From a practical standpoint, do your due diligence and make sure that something out there doesn’t already exist that you could come alongside and support. I would also say to be okay with saying no. Sometimes you have to say no because you can’t meet all the needs. So, I guess picking your lane would be a better way to phrase that. Pick your lane and what needs you can fill and cannot fill and be obedient with that. And focus!
How do you overcome the sheer magnitude of needs in the community?
We get contacted quite a bit, usually about once a week, we get an email or a call from a group outside of Texas who loves the concept and wants to replicate our model in their city. Initially, we didn’t have capacity and it was a lot of “no sorry, but good luck”, but we had one group in Charlotte, NC, that was really persistent. It was a group of foster moms and one of them came out to Austin to visit and they felt strongly that it had to be Foster Village. Around the same time we brought on a board member who is a nonprofit attorney and all the pieces I was most concerned about in terms of how to navigate something like that came together. So we flew out to Charlotte and now this group of women have launched the first Foster Village out of state affiliate! They launched in June and it’s doing awesome, we’re adding another location in Waco, so that’s kind of our big picture vision right now. To create this in other areas where the need is great and how we can replicate this model in areas that need it most!
You mentioned that before you started in foster care, you kept saying no. Why do you think so many people’s first response is that they don’t want to do it?

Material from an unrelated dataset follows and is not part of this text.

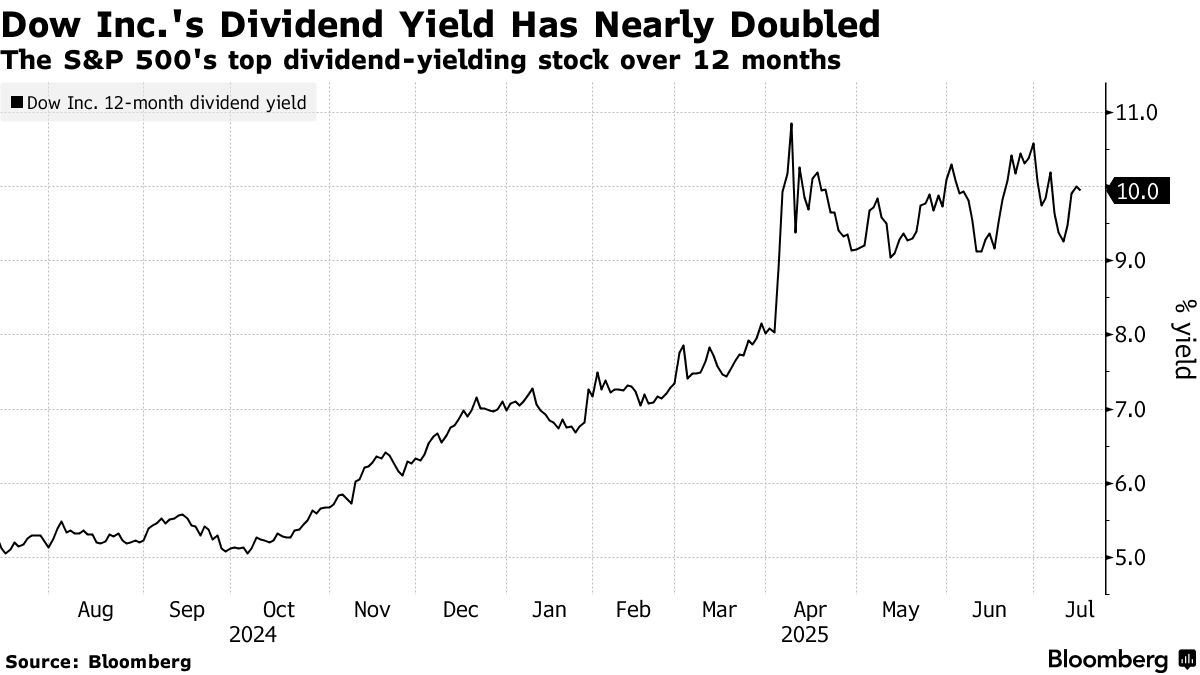 在收益率最高的公司中,化工企業陶氏公司為投資者提供了近10%的12個月股息收益率——幾乎是去年支付水平的兩倍。
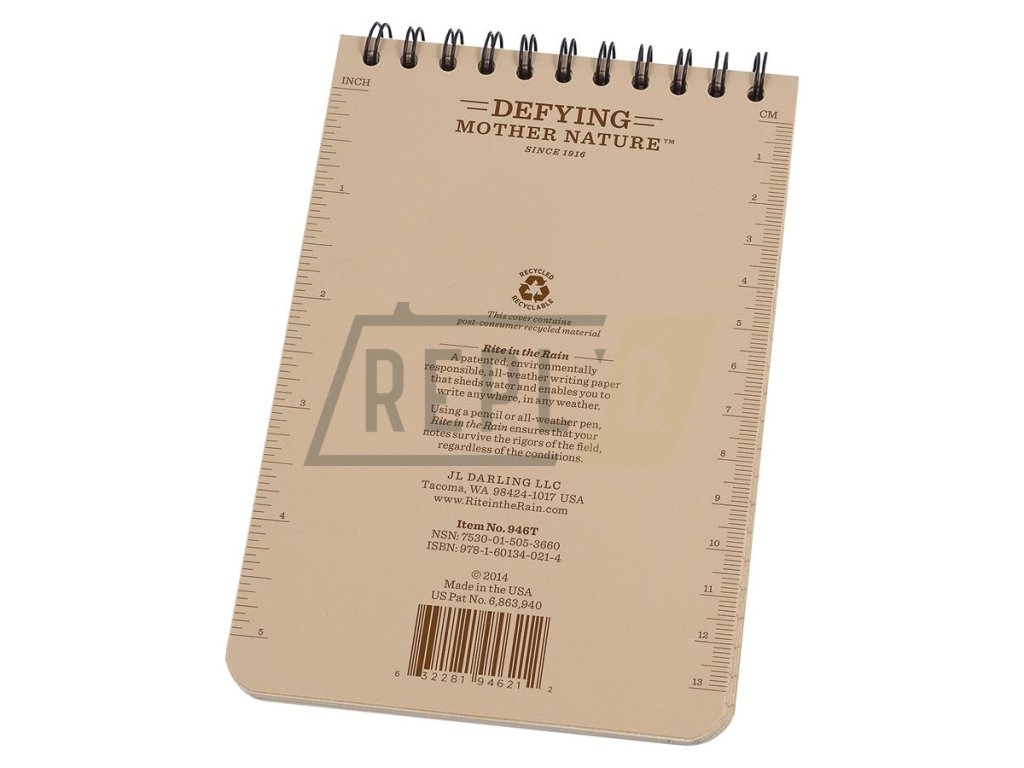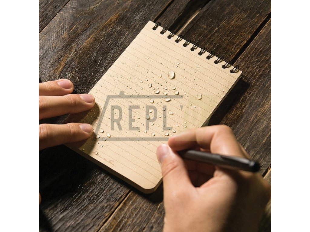 Nepromokavý linkovaný zápisník v kroužkové vazbě. Rozměr 165 x 105 mm. 50 listů. Součástí bloku převody jednotek imperiálního a metrického systému, mapová měřítka. Vyrobeno v USA.

Why do you think our society’s perception of foster care is ‘absolutely not’?
We only hear in the news the horror stories about foster care. At Foster Village we’re really careful about sharing statistics, because they are important but also can paint a picture of these kids in a light that limits their potential and the hope that we can give them. There’s a lot to be said about giving foster families a voice and allowing them to be the ones presenting the information because they experience it and they get it. There are some hard parts for sure, but it’s worth it. And that’s the consensus from pretty much every single person we’ve talked with.
It sounds like Foster Village has some exciting things in store! I’d love to hear more about where you’re at and where you see this going?
This expansion was never part of the initial vision. I would say within the last month or so I’ve really been able to see this growth and how incredible it can be. We’ve been coming up with documents in terms of the legal stuff, branding, marketing and volunteering. Once we have this package, we can offer it to those who are interested in recreating Foster Village. We would work alongside them with how to get it started and we’ll train them. We want to make sure that the general mission stays the same, but the needs are different in each state and the laws are set up differently in each state. I would love to see a multi-use resource center like Foster Village wherever it’s needed! Austin is one of the most resourced areas for foster families, and the needs are still beyond what can be met. So to think about that, makes me know that in other areas it’s going to be even more so. The majority of people who reach out to us wanting to start it are people who are foster parents. Which we encourage!
Where do you see hope?
I would say definitely in the foster parents. It’s always going to be a broken system because it’s broken families and trauma. I think having folks who are stepping into foster care feeling equipped and supported will make a huge impact, and those who have the grit and the longevity of knowing that it’s going to be a wild ride but they’re willing to make the sacrifices necessary, these people give me hope.